今回は、「みやざき農業実践塾」の第8回研修で学んだ植物の養分と肥料の基礎知識について紹介します。
作物を育てるためには、水や光、空気だけでなく、植物の生育に欠かせないさまざまな養分が必要です。今回の研修では、植物が必要とする養分の種類や肥料の役割、施肥の考え方について学びました。
植物の生育には17種類の必須元素が必要
植物が健全に生育するためには、現在17種類の必須元素が必要とされています。
特に重要なものが、
- 窒素(N)
- リン酸(P)
- カリウム(K)
の「肥料三要素」です。
さらに、
- カルシウム(Ca)
- マグネシウム(Mg)
を加えたものが「五要素」と呼ばれています。
窒素は葉や茎の生長、リン酸は根の発達や開花・結実、カリウムは植物体を丈夫にする働きがあるなど、それぞれ重要な役割を担っています。
養分は多すぎても少なすぎてもよくない
植物に必要な養分は不足しても過剰でも問題が発生します。
例えば、
- 窒素不足では葉色が薄くなり生育が悪くなる
- 窒素過多では軟弱になり病害虫に弱くなる
- カルシウム不足ではトマトの尻腐れ症が発生しやすくなる
などの症状が現れます。
人間にとって栄養バランスが大切なように、植物にも適切な養分管理が重要であることを学びました。
肥料は収量向上に欠かせない資材
研修では、無肥料区と施肥区を比較した試験事例も紹介されました。
無肥料では葉色が薄く、生育量や収量も大きく低下します。一方で適切な施肥を行うことで、生育や収量の向上が期待できます。
ただし、「肥料は多ければ多いほど良い」というわけではありません。
肥料を増やしても効果には限界があり、過剰施肥になると逆に生育が悪化する場合があります。これを「報酬漸減の法則」といい、適正な施肥量を守ることの重要性を学びました。
速効性肥料と緩効性肥料
肥料には効き方の違いがあります。
速効性肥料
施用後すぐに効果が現れる肥料です。
- 硫安
- 硝安
- 過リン酸石灰
- 塩化カリ
などが代表例です。
緩効性肥料
ゆっくり分解されながら長期間効果が続く肥料です。
- 油かす
- 魚かす
- 被覆肥料
などがあります。
作物の生育ステージや栽培方法に応じて使い分けることで、肥料の利用効率を高めることができます。
肥料袋の数字の意味とは?
ホームセンターなどで肥料を見ると、
「13-15-12」****「8-8-8」
といった数字が表示されています。
これは、
- 窒素(N)
- リン酸(P)
- カリウム(K)
の含有率(%)を示しています。
例えば「8-8-8」であれば、窒素・リン酸・カリウムがそれぞれ8%含まれているという意味です。

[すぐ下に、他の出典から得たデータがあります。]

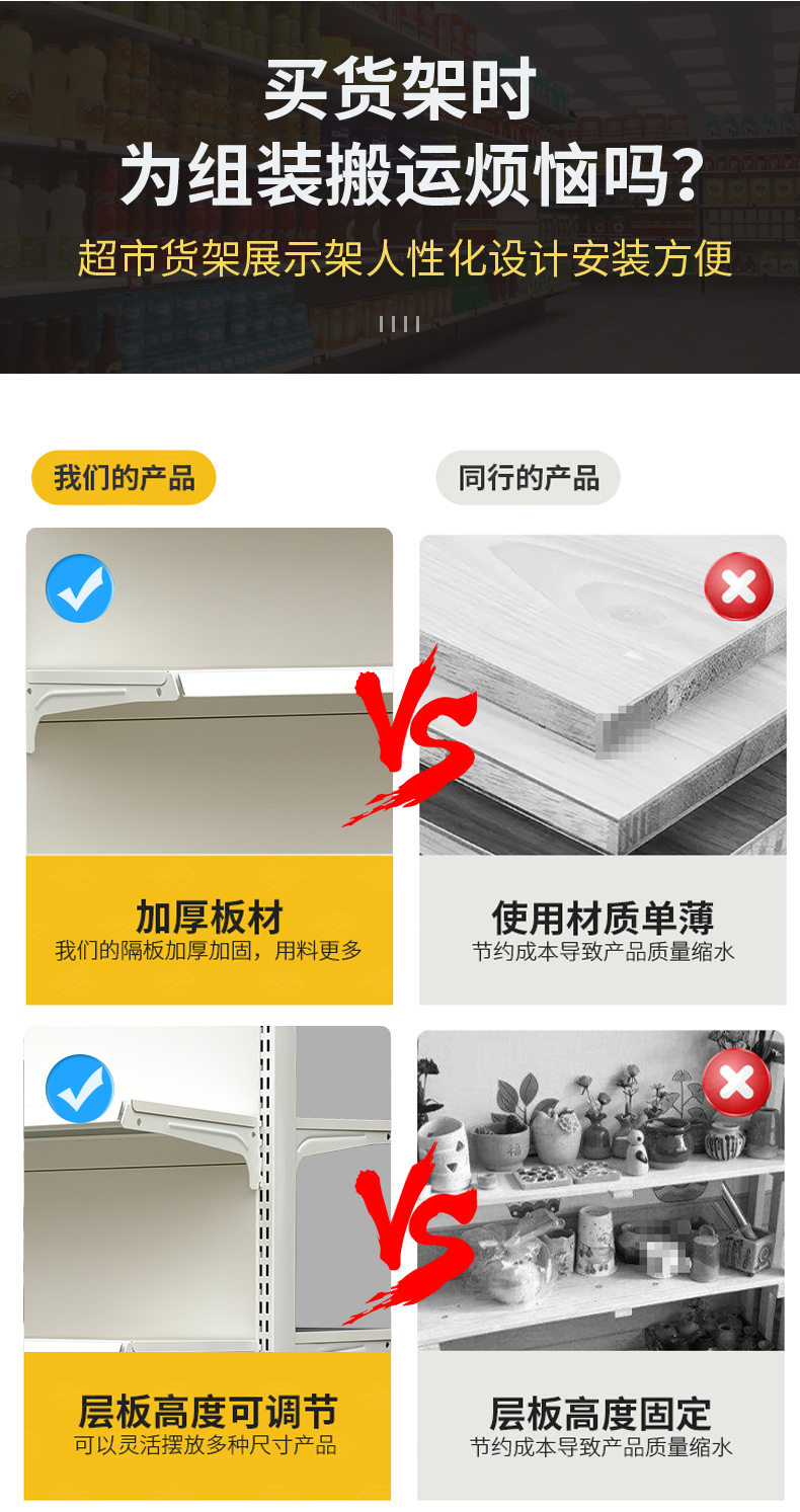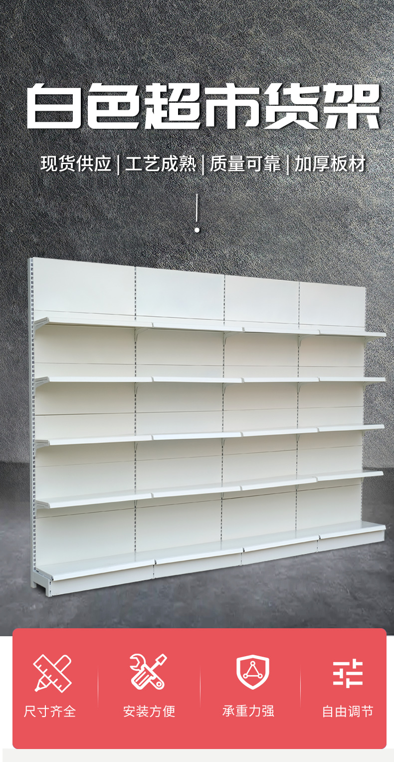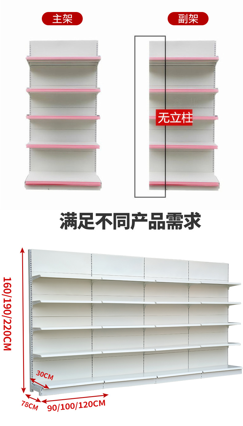 超市货架标准的是4层板,底下一层大层板(35cm),上面有3层小层板(30cm),如果感觉层数不够,可以加小层板 货架颜色:全白色,标条有白色、红色、绿色,不备注默认红色  货架主架和副架可以无限连接(本公司所有报价都是四组一连的价位,就是您买四组货架用5根立柱),单面加一点配件可以变成双面,双面减一点配件可以变成单面,灵活应用,让您的空间利用到致,随心百变!省外运费请咨询
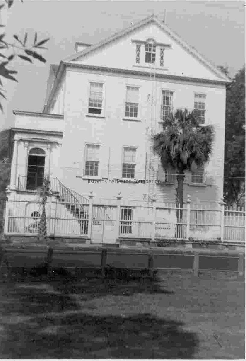 Constructed ca. 1822, formerly 1 Lucas Street. This is the ambitious house of one of Charleston's wealthiest and most progressive antebellum residents. Thomas Bennett Jr. followed his father and namesake in the operation of the family's lumber and rice milling industries that surrounded this house. Although the vast mill pond with its floodgates and causeways, the lumber mill buildings, and the manager's house have disappeared, the Bennett residence survives as a testament to the family's prominence. Bennett served as governor of SC from 1820 to 1822 as well as various terms in the General Assembly, and continued to urge industrial and social progress for his native state. A curving marble stair approaches the raised door architrave leading to the south-facing piazza entry of the Bennett House. This architrave and the main door architrave within the piazza feature semicircular fanlights and elaborate surrounds with pilasters and modillioned cornices. Pediments with lunette windows project from the roof on the north and south elevations, while the closed front end gable features a Venetian (Palladian) window. The splendid exterior woodwork, created from wood produced in the Bennett mills and probably by their own carpenters, hints at the exceptional interior, which boasts a 2-story free-flying staircase, marble mantelpieces and elaborate plaster cornices and ceiling medallions. In the late 19th century, E.L. Halsey became the owner of the remaining lumber mills as well as the house. After serving various uses after its sale by the Halseys following World War I, the building was restored by the Roper Foundation in 1988. Subsequently, the garden was renewed with a new plan and the kitchen and slave-quarters dependencies to the west were rehabilitated as guest accommodations. The remarkable wooden fence, with its columnar post topped by spherical finials, has remained, as have the wooden gates with a guilloche decoration. Formerly Lucas Street, the street name was changed to Barre Street when the thoroughfare was extended to Broad Street in the 1950s. (Poston, Buildings of Charleston.)

肥料選びでは、この数字を確認しながら作物に必要な養分を計算することが大切です。
効率的な施肥方法も重要
施肥には、
- 作付前に施す「元肥(基肥)」
- 生育中に施す「追肥」
があります。
また、
- 全面全層施肥
- 局所施肥
- かん水施肥
など様々な施肥方法があります。
特に局所施肥は肥料効率が高く、肥料コストの削減にもつながるため、経営面からも重要な技術であることを学びました。
土づくりと施肥はセットで考える
今回の研修を通じて改めて感じたのは、肥料だけで収量が決まるわけではないということです。
これまでの研修で学んだ土壌の物理性・化学性・生物性を整えたうえで、適切な肥料を与えることで、はじめて健全な作物生産につながります。
研修資料の最後には、
「見える果実、見えない根」
という言葉が紹介されていました。
収穫物ばかりに目を向けるのではなく、地中で生育する根を健全に育てるための土づくりや施肥管理の大切さを改めて実感した研修となりました。
今後は土壌診断の結果も活用しながら、適正な施肥設計と土づくりを実践していきたいと思います。